### EXERCISE DATA
● ● ● ●

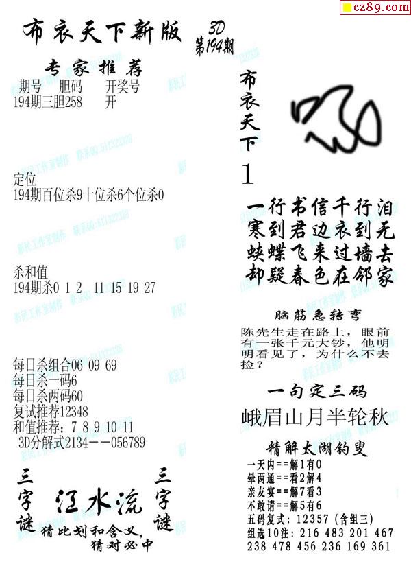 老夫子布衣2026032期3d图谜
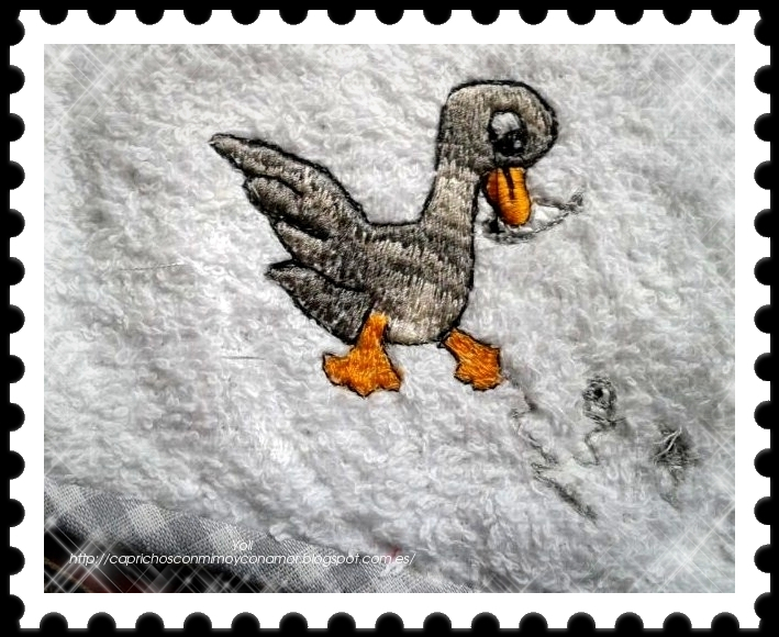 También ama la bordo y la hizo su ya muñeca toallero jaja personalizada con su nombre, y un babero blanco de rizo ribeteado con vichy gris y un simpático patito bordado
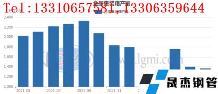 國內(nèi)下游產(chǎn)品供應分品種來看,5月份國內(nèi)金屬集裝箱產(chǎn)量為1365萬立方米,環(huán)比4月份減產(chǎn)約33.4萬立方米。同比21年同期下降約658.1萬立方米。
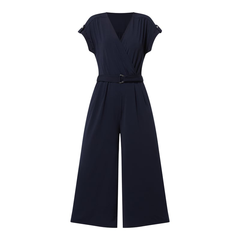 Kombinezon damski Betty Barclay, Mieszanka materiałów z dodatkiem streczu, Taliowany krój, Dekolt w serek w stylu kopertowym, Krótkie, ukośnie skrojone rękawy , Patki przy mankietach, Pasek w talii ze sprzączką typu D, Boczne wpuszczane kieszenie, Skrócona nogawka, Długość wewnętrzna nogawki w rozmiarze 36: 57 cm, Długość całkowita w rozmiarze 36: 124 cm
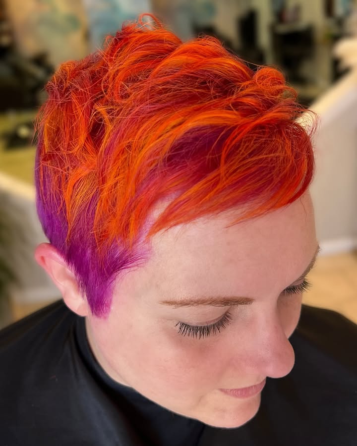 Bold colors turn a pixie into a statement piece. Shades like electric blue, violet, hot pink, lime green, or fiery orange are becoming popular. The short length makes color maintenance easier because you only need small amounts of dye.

● ● ● ●

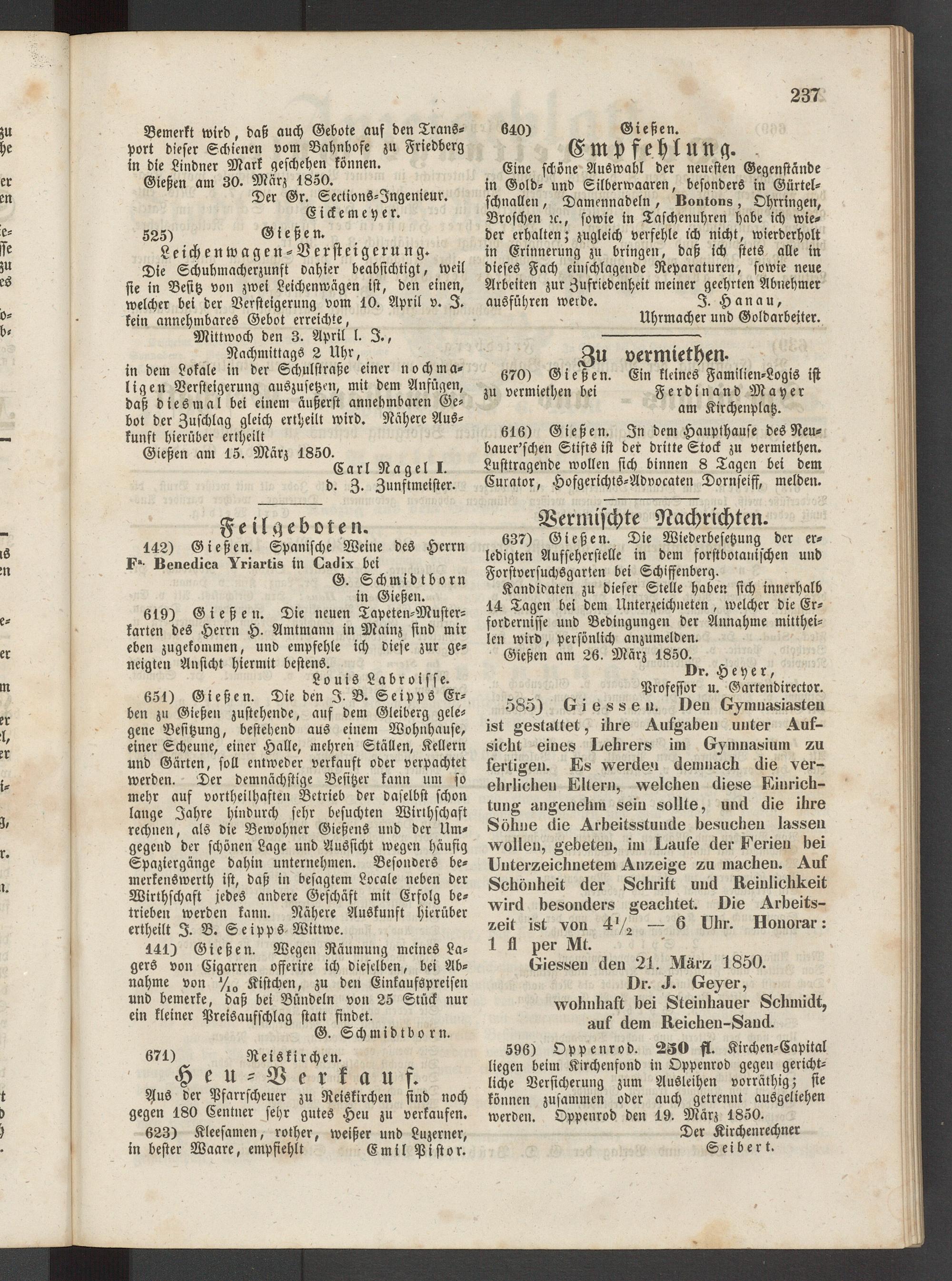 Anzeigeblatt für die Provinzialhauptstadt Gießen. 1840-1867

● ● ● ●

### WHAT YOU NEED TO DO
Within the listing above, the lines from the one with "También ama la" through the one with "Bold colors turn" are to be given again word for word. Do not include pictures.

### ANSWER BOX
 También ama la bordo y la hizo su ya muñeca toallero jaja personalizada con su nombre, y un babero blanco de rizo ribeteado con vichy gris y un simpático patito bordado
 國內(nèi)下游產(chǎn)品供應分品種來看,5月份國內(nèi)金屬集裝箱產(chǎn)量為1365萬立方米,環(huán)比4月份減產(chǎn)約33.4萬立方米。同比21年同期下降約658.1萬立方米。
 Kombinezon damski Betty Barclay, Mieszanka materiałów z dodatkiem streczu, Taliowany krój, Dekolt w serek w stylu kopertowym, Krótkie, ukośnie skrojone rękawy , Patki przy mankietach, Pasek w talii ze sprzączką typu D, Boczne wpuszczane kieszenie, Skrócona nogawka, Długość wewnętrzna nogawki w rozmiarze 36: 57 cm, Długość całkowita w rozmiarze 36: 124 cm
 Bold colors turn a pixie into a statement piece. Shades like electric blue, violet, hot pink, lime green, or fiery orange are becoming popular. The short length makes color maintenance easier because you only need small amounts of dye.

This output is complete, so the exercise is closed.